One common use for function defaults is to optimize function lookups to local variables instead of global or builtins:
def func(arg, len=len): # now len is a fast local lookup instead of a slow name lookup
Benchmarking shows that this actually does make a significant difference to performance, but it's a technique under-used because of the horribleness of a len=len parameter.
(Raymond Hettinger is, I think, a proponent of this optimization trick. At least I learned it from his code.)
I don't see this as a great motivation for this feature. If the goal
is to make things faster I think that would be better served by making the interpreter smarter or adding other global-level optimizations. As it is, you're just trading one "manual" optimization (len=len) for another (static len).
Yes, the new one is perhaps slightly less ugly, but it still puts the
onus on the user to manually "declare" variables as local, not because they are semantically local in any way, but just because we want a faster lookup. I see that as still a hack. A non-hack would be some kind of JIT or optimizing interpreter that actually reasons about how the variables are used so that the programmer doesn't have to waste time worrying about hand-tuning optimizations like this.
If you're doing a lot of length checks, the standard semantics of Python demand that the name 'len' be looked up every time it's called. That's expensive - first you check the module globals, then you check the builtins. With some sort of local reference, the semantics change: now the name 'len' is looked up once, and the result is cached.
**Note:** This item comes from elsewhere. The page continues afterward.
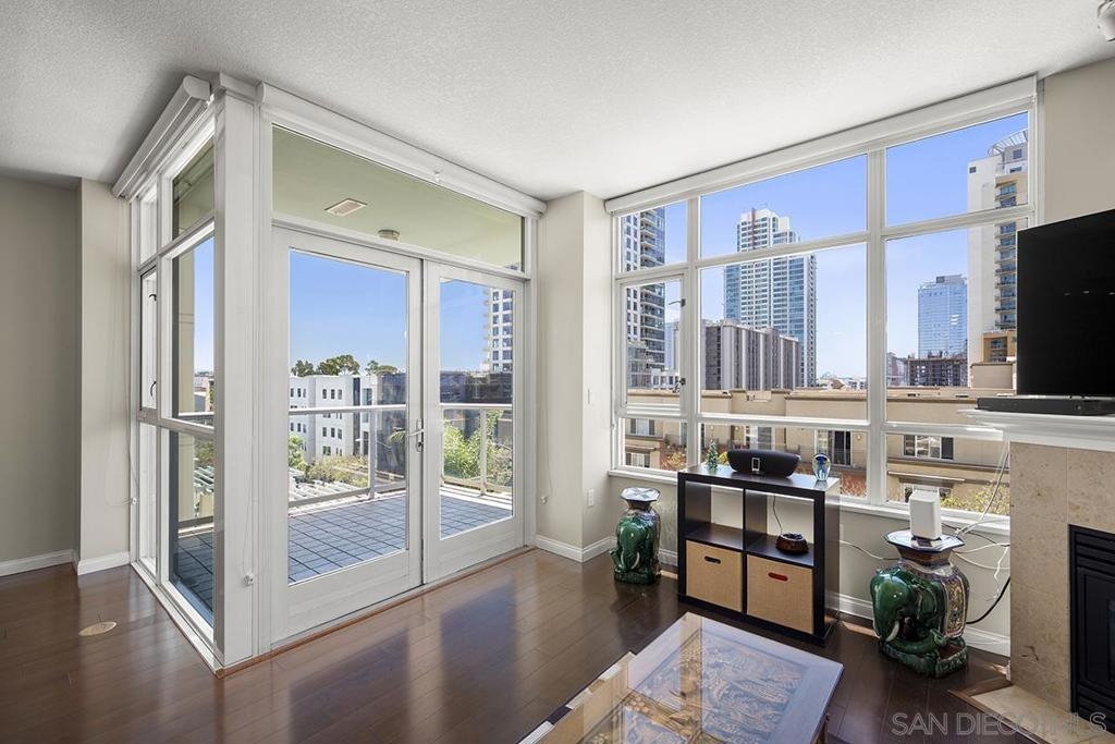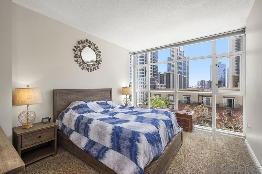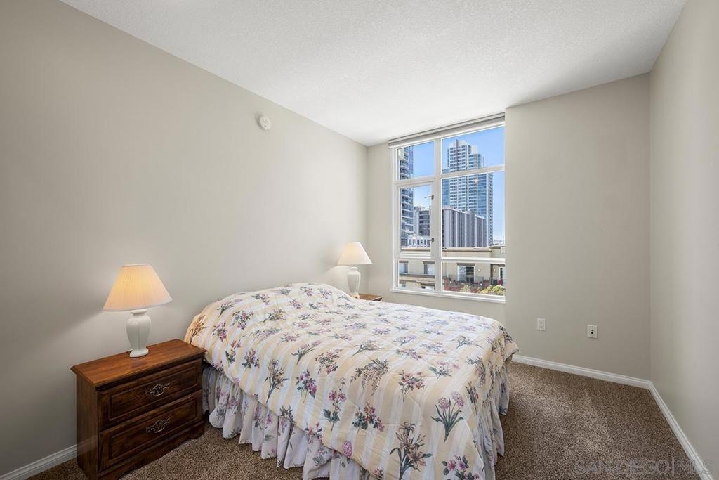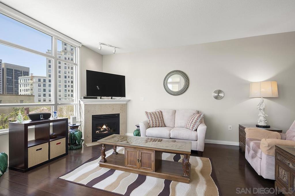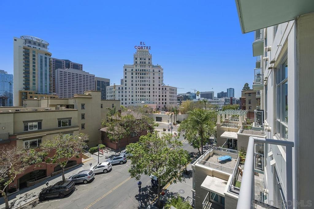 A hidden gem at Discovery in Cortez Hill! Step into this bright, south-facing residence and soak in city views with a peek of the iconic Coronado Bridge also visible from your private balcony. The living areas feature engineered wood floors, expansive windows, and an ambient fireplace. The kitchen is equipped with granite countertops, stainless appliances, an integrated wine chiller, pantry, and recessed lighting. The spacious primary suite offers plush carpet, a custom-organized walk-in closet, and an ensuite bath with a step-in shower. Enjoy the convenience of two parking spaces (not tandem) and a dedicated storage unit. Come experience why Discovery and Cortez Hill are among Downtown San Diego’s best-kept secrets! Perched atop Cortez Hill, Discovery offers resort-style living in one of Downtown San Diego’s most charming and established neighborhoods. Residents enjoy secure underground parking, 24-hour concierge service, an elegant lobby, and thoughtfully designed shared spaces including the lush 2nd-floor Fern Grotto Garden and a stylish social lounge. The business center is equipped with commercial-grade office tools, and the 10th-floor rooftop deck features a heated lap pool, cabanas, spa, BBQ grills, and panoramic city views. A top-tier fitness center includes a sauna and steam room for full wellness access. Just steps away are local favorites like Tweet Street Park, Hob Coffee, and Soleluna Café, with Little Italy and Balboa Park within walking distance. Plus, enjoy quick freeway access to I-5 and Hwy 163 from this peaceful urban retreat. Old MLS listings quoted 1230 sq.ft., builder brochure quoted 1221 sq.ft., assessor record shows 1133 sq.ft.

That means that creating globals()["len"] in the middle of the function will no longer affect its behaviour.
An optimizing compiler that did this would be a nightmare. Explicitly choosing which names to retain means that the programmer is in control.
The biggest problem with the default argument trick is that it makes it look as if those arguments are part of the function's API, where they're really just an optimization. Consider:
def shuffle(things, *, randrange=random.randrange): ...
def merge_shortest(things, *, len=len): ...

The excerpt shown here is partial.